Scientific classification
- Kingdom: Animalia
- Phylum: Chordata
- Class: Reptilia
- Order: Squamata
- Suborder: Gekkota
- Family: Gekkonidae
- Genus: Gehyra
- Species: G. australis
- Binomial name: Gehyra australis (Gray, 1845)
- Synonyms: Hemidactylus australis (Gray, 1845); Phyria punctulata Gray, 1842; Platydactylus australis (Gray, 1845);

= Gehyra australis =

- Genus: Gehyra
- Species: australis
- Authority: (Gray, 1845)
- Conservation status: LC
- Synonyms: Hemidactylus australis (Gray, 1845), Phyria punctulata Gray, 1842, Platydactylus australis (Gray, 1845)

Species of lizard

Gehyra australis, the Australian house gecko, northern dtella or top-end dtella, is a species of gecko native to northern and eastern Australia. It is also widespread in Indonesia, alongside common house geckos and four-clawed geckos.

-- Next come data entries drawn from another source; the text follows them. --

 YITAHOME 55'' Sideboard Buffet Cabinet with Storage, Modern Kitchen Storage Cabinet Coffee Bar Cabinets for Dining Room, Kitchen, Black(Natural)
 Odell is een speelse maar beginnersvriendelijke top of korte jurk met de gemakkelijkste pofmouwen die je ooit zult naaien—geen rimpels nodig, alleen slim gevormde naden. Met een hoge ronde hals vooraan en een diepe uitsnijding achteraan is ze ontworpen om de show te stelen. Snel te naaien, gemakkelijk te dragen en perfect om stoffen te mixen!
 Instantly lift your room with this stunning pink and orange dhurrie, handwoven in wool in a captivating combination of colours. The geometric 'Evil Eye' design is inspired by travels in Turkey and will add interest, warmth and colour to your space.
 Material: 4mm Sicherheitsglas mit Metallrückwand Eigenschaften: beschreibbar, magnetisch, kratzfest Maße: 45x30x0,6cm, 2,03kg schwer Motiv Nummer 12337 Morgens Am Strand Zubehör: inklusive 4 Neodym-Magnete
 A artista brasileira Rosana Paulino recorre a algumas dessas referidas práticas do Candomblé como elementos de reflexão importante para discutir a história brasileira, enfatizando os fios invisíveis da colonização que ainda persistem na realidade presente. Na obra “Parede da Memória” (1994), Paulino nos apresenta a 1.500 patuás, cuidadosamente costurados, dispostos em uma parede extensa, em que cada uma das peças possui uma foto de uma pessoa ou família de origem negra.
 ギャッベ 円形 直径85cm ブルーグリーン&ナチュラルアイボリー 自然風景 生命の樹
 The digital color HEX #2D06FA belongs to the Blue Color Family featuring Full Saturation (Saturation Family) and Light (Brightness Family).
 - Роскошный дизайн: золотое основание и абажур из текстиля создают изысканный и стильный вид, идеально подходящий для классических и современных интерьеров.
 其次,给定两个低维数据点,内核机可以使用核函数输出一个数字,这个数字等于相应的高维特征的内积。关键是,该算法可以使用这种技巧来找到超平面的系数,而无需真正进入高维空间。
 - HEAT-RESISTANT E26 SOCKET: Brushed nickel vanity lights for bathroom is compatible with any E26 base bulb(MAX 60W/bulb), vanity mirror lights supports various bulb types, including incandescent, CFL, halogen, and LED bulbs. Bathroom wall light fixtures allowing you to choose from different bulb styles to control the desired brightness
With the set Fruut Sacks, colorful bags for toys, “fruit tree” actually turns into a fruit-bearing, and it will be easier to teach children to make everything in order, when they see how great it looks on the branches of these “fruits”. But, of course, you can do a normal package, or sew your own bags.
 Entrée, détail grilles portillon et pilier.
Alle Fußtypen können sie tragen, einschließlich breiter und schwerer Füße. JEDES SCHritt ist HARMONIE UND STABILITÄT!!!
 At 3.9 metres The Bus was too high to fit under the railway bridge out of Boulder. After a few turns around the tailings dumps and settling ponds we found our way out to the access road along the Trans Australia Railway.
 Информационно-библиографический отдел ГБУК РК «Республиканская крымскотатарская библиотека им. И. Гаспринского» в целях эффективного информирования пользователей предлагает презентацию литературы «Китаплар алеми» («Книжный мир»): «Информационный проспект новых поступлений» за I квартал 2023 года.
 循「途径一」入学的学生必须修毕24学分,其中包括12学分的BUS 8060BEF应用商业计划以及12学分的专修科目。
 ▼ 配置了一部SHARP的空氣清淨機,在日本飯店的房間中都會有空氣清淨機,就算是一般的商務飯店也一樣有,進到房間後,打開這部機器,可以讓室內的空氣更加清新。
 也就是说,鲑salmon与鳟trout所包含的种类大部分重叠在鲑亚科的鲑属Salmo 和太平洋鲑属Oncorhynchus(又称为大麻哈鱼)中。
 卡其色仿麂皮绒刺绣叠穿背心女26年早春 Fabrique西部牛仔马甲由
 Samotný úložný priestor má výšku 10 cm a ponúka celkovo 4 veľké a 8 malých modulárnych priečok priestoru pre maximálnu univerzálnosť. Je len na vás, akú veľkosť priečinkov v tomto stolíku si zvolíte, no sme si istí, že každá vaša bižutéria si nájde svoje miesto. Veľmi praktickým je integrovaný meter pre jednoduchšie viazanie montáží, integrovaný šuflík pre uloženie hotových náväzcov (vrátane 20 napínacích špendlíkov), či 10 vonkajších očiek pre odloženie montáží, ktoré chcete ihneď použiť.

Gehyra australis is primarily an arboreal gecko inhabiting woodlands and coastal and riverine forests. It can also occur near human dwellings and gardens. It is oviparous.

== Systematics ==

In 2020, as a result of molecular genetic analysis, three new species were proposed for lineages of the Gehyra australis species complex: G. arnhemica (east Arnhem Land), G. gemina (northern deserts), and G. lauta (gulf, NT–Qld border). Names for the new species were registered in Zoobank. Under this definition, the range of G. australis sensu stricto is limited to the western Top End region of the Northern Territory, from Darwin surrounds to Port Essington, and Gregory National Park To Eva Valley at the edge of the Arnhem Plateau.

Members of the australis species complex are generally arboreal, and tend to be smaller than the rock-dwelling (saxicolous) koira group, though G. lauta is larger-bodied. G. chimera is adapted to an arboreal lifestyle: it had previously been classified in G. australis, but genetically clusters with G. koira. Adult males of G. australis sensu stricto have 10–14 pre-cloacal pores, whereas G. arnhemica and G. lauta have 21-26 and 22–32 respectively. The various new species also differ in details of their scale patterns, particularly on the chin.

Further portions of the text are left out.